$100b stashed by Pakistanis in offshore companies

0
159

Retired Justice Shaiq Usmani said that people became over-emotional when the Panama leaks hit the headlines in Pakistan; people forgot that offshore companies had existed even before the 1970s to avoid taxation.

Speaking at a session on the legal and business aspects of the Panama Papers organised by the Pakistan Institute of International Affairs here the other day, Justice Usmani explained that anyone could own an offshore company; the problem started when people who ran your company used public money and parked it there.

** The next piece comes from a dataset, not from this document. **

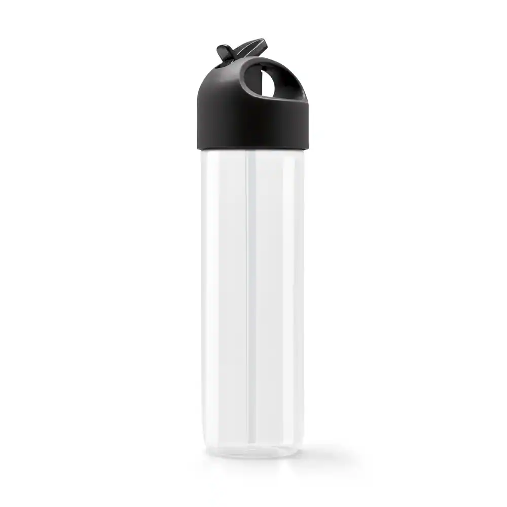 Squeeze em PS com tampa em PE com bico de canudo flexível (no interior) e de abertura fácil. Capacidade até 500 mL. Caixa branca 94651 vendida opcionalmente. Certificação EU Food Grade. ø70 x 230 mm

Usmani said that Panama was just one place people had offshore companies, other places include the British Virgin Islands, Cayman Islands and the Bahamas were tax-free havens as they had lax tax and secrecy laws which restricted the governments from sharing names. He said that 75 percent of the world’s shipping industry ships were owned by offshore companies.

He discussed how offshore companies were an off-shoot of limited liability companies.

He explained how people avoided tax and how it became easier to keep money earned through illegal means such as corruption and criminal activities in offshore accounts.

Read more: PM Nawaz no longer focus of Panama probe

To discuss the investigative, business and social aspects of the leaks, PIIA had invited former LG minister Sindh Agha Masood Hussain, Prof Dr Tanweer Khalid and AF Ferguson & Company’s Mohammad Raza and Shabbar Zaidi.

Hussain said that there were more than 200 people who had offshore companies in Panama.

Dr Tanweer Khalid, a political scientist and faculty dean at Ziauddin University, said: “The Panama Papers are an important milestone in data journalism”. She said it took the journalists one year to investigate and verify the 11.5 million financial papers.

She said it was important to discuss the legal aspect of the Panama Papers to understand how the leaks would affect business and society.

Mohammad Raza claimed that the Panama leaks were just the tip of the iceberg in terms of offshore accounts, adding that there were several countries and several firms that should be looked into.

Talking about the Panama Papers, he said the information was incomplete as the whistleblower and journalists had only uncovered names — not their financial statements. He said that wide estimates suggested that there could be $70 billion to $100bn kept away in offshore companies.